Gilles Jérôme Moehrle MBE (; born 28 September 1964), better known as Gilles Peterson (), is a French broadcaster, DJ, and record label owner. He founded the influential labels Acid Jazz and Talkin' Loud, and started his current label Brownswood Recordings in 2006. He was awarded an honorary MBE in 2004, the AIM Award for Indie Champion and the Mixmag Award for Outstanding Contribution To Dance Music in 2013, the PRS for Music Award for Outstanding Contribution to Music Radio in 2014, and The A&R Award from the Music Producers Guild in 2019.

Throughout his career, Peterson has played a pivotal role in promoting genres such as jazz, hip-hop, and electronic music. He started his career on pirate radio stations Radio Invicta and K-Jazz, later joining legal stations in London, first the newly founded Jazz FM, and then onto the dance music station Kiss FM. In 1998, he was hired by BBC Radio 1, and in 2012 he began hosting a three-hour Saturday afternoon programme on BBC Radio 6 Music. He hosts a syndicated radio programme that is broadcast in seven European countries.

In 2016, he launched the online radio station Worldwide FM with Boiler Room co-founder and original host Thristian Richards. He also hosts mixes and new music on his SoundCloud page, where he has over three million followers. He is behind several events celebrating the music that he supports through his DJ sets and radio shows. Since 2005, he has hosted the annual Worldwide Awards in London and Worldwide Festival in Sète. In 2019, launched the new We Out Here festival in the UK.

Career

Radio 
Peterson was first heard as a DJ on the London pirate radio station Radio Invicta, Peterson spent his teenage years putting up radio transmitters for the pirates and playing on stations such as K-Jazz. Brought up in Suburban South London soul scene Peterson was exposed to a variety of music. He went on to host Mad on Jazz on BBC Radio London in 1986–87, and became known on the London circuit as a DJ specialising in the new breed of "acid jazz", drawing on the jazz, funk, Latin fusions and Brazilian music of the 1970s.

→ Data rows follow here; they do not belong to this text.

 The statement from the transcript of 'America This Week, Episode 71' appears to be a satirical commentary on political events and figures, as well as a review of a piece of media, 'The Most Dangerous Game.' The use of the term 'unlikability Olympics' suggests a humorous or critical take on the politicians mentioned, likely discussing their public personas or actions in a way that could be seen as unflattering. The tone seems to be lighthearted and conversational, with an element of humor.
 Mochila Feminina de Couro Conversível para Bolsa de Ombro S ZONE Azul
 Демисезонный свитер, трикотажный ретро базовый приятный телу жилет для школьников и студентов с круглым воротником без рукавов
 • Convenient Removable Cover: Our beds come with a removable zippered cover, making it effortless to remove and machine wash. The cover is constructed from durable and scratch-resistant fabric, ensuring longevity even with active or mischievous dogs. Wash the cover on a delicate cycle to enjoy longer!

In March 1990, Peterson joined London's first-ever dedicated jazz station 102.2 Jazz FM at its launch. The three-hour show was stripped into sections including the "Samba 60" and the "Vibrazone". Artists as diverse as the Freestyle Fellowship, Sérgio Mendes and Leon Thomas would all appear on the same playlist. He was dismissed from the station after playing anti-war songs and making anti-war comments during the first Gulf War.

Peterson would then join Kiss FM in 1991, the station having become legal the year before. In his "Vibrazone" shows on Kiss FM he played acts as diverse as Josh Wink, Gang Starr and Horace Silver in the space of a single programme. Features included the "Herbie Sessions".

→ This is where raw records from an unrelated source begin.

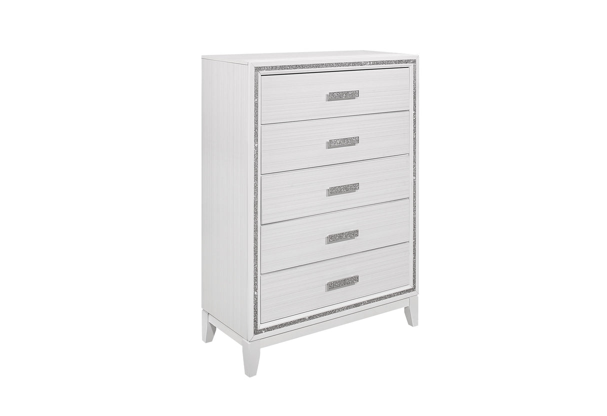 El dormitorio Lily fusiona dos mundos. Las líneas clásicas y los toques modernos crean un hermoso y glamuroso dormitorio de transición. El diseño de cristal triturado realza todas las piezas, junto con la iluminación LED que realza el cabecero. Este diseño no solo se utiliza como moldura decorativa, sino que también se extiende a los herrajes. El resultado final es un hermoso y glamuroso dormitorio.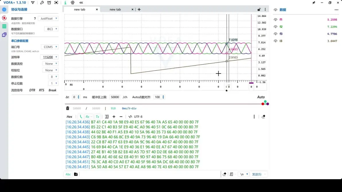本次的主角:vofa+,非常简单的一个串口工具,常见的串口功能都有,但既然它出现在了文章里就证明它没那么简单,是的,它有个非常逆天的功能:能自动将接收的数据通过绘图画出来。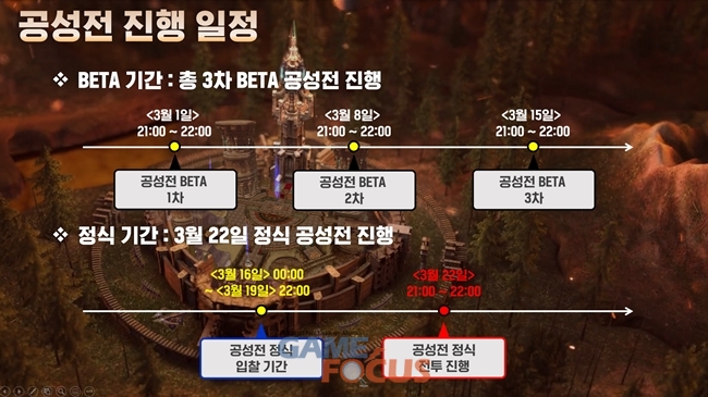 블루포션게임즈는 정식 공성전을 앞두고 3월 중순까지 세 차례의 공성전 BETA 진행을 통해 밸런스와 안정성을 검증하였으며, 16일부터 정식 공성전 입찰이 시작되어 길드 간의 치열한 눈치싸움이 진행중이다.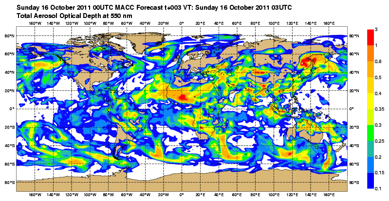 The MACC (Monitoring Atmospheric Composition & Climate) project computes forecasts of "anthropogenic aerosols", defined as organic matter, black carbon and sulfate aerosols that are emitted from fires and other, mostly anthropogenic, sources. An example of simulated aerosol optical depth (AOD), including emissions derived from the latest observed fire distribution and assimilation of space-borne AOD observations, including emissions derived from the latest observed fire distribution and assimilation of space-borne AOD observations, is shown in Figure 5.34. The fire distribution maps used as input in these simulations are obtained from the D-fire subproject, as mentioned in the Hot Spots Gallery subchapter.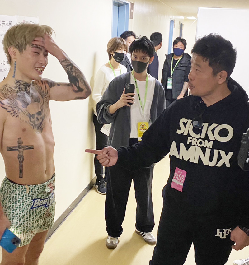 舞台裏で平本に厳しい指摘をする岩崎氏▶︎次は大流血の弥益

From 1998 to 2012, through his BBC show Worldwide – which was originally produced by longtime collaborator Benji B, Karen P (Folded Wing), Ben Cave, Beccy Grierson, Alex Kenning, and Dave O'Donnell – Peterson continued to present a wide range of music that may be new to its young audiences. The show always presented a combination of new, older and often very rare records from the late 1950s to 1980s. Every three months or so, Peterson dedicated a whole show to older vinyl releases in a special version of his show he subtitled as Brownswood Basement; two associated compilation albums with the same name containing older personal classics have been released on the United States label Ubiquity Records's offshoot Luv N' Haight.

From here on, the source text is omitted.